We continue to get them to this day and find funny places to hide them. The best hiding spot was when I put it in a part of my son’s backpack he doesn’t use very often and he carried it back and forth to junior high for a week. Good times! It is the little, silly things we do that our kids remember. Just as I always think of my brother whe I see Beauty and the Beast, I know in the future, I will never see an American Girl catalog without thinking of the funny times we had with our boys when they were young.
My boys go to two different charter schools in our valley. I carpool with two other families to the schools. The two other amazing moms take turns taking the kids to school and I rotate with one of them on picking up the kids. We take another teenage boy and two sisters, one is twelve and the other is ten.
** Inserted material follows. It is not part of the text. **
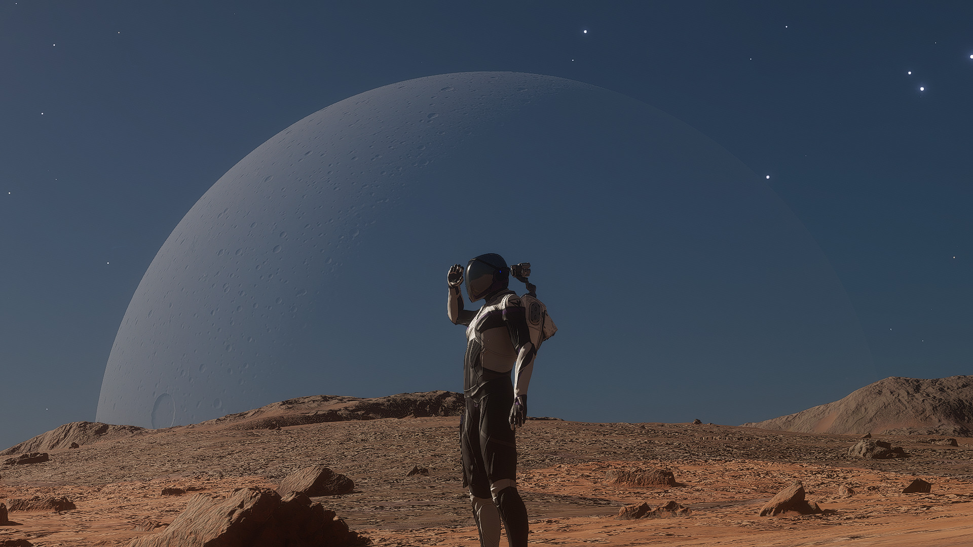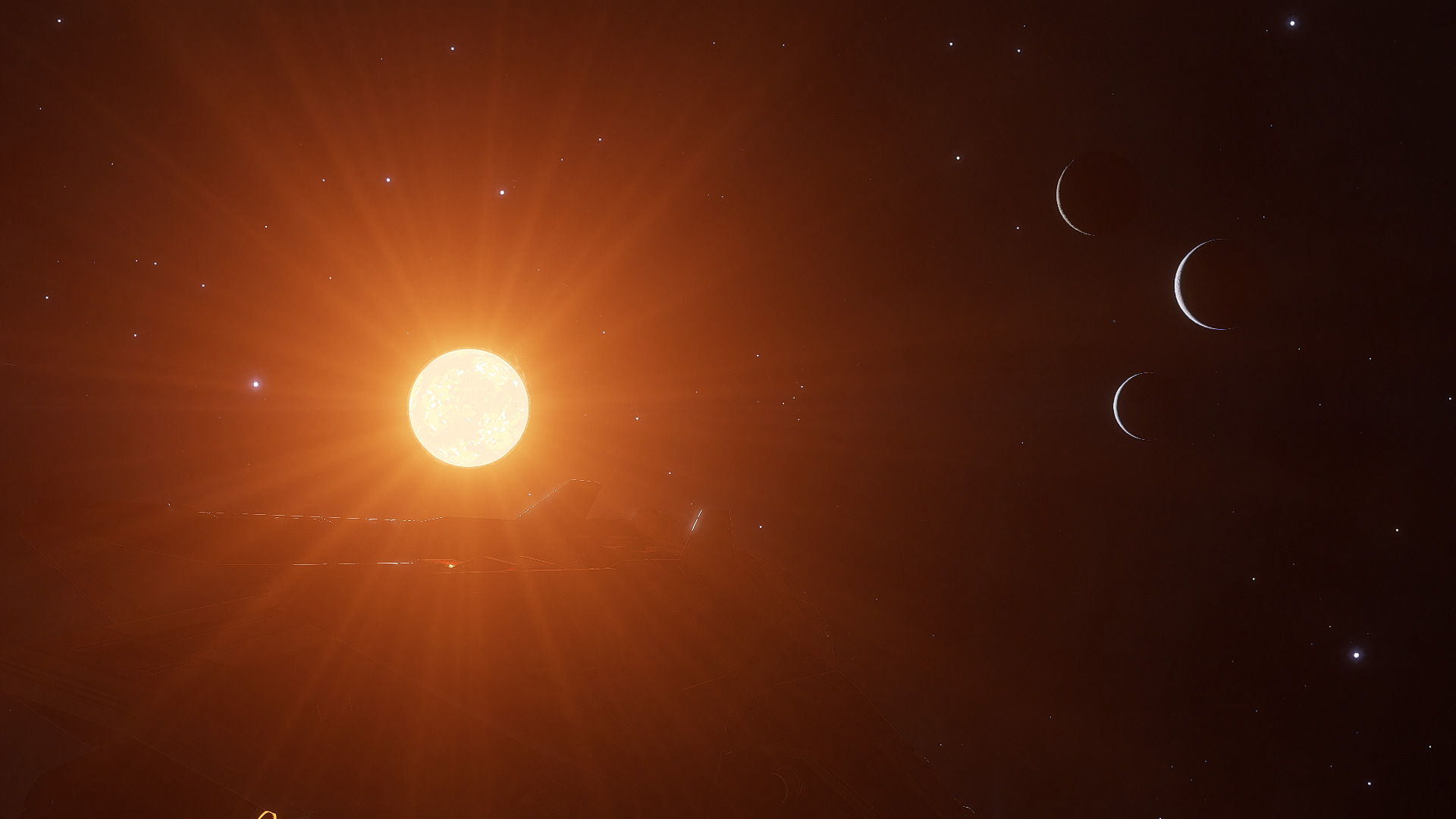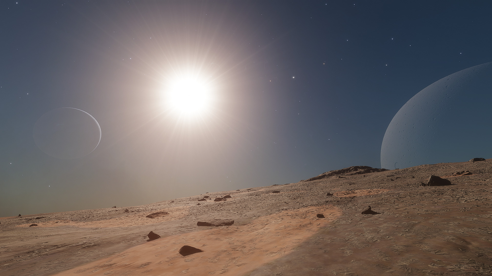 Description: TriVista Celestia in the Temple region has three planets not far from the arrival point (4,400 light seconds) providing nice surface sights. Two of the thin atmospheric planets are geoactive and have surface life, in the form of bacteria. The orbital periods of C 3 and C 4 are only 0.3 days, which means the planets do a full orbit around their barycenter in just 7 hours. View of C 4 from C 3 | |

Throwing the girls in has been really fun this year.
We have had some fun and interesting conversations. It is funny that the kids can remember things from a year or so ago. One time we saw a black fluffy dog and a white fluffy dog running down the middle of the road.
I pretended I was the voices for the dogs. “Run, Kiki! We are finally free!” said the white one.
“Yes, Fifi, we are! Run! Run like the wind!”
Then I sang the words to “Born Free.”
Then their owner came chasing after them. It was pretty funny to see him try to catch up.
One the same street, someone posted a weird cardboard stand-up by the telephone pole with the words “Slow down” next to it. The cardboard stand up was of a cartoon woman wearing a white robe. My son named it Veronica and we called it his girlfriend.
I am sad to report she isn’t there anymore. The other teenagers started a conspiracy saying my son might be responsible for her disappearance. No comment.
Finally, the kids have come up with this game whenever we see a certain color of car, they do something different to each other. It can get violent. Luckily, they leave me as the drive alone!
- Orange car-hit your neighbor
- Green car-tickle your neighbor
- Purple car- hug neighbor (contributed by the ten year old girl of course)
- Yellow bus- hit your neighbor
- Hot pink car=death for everyone
I am glad we haven’t seen any hot pink cars!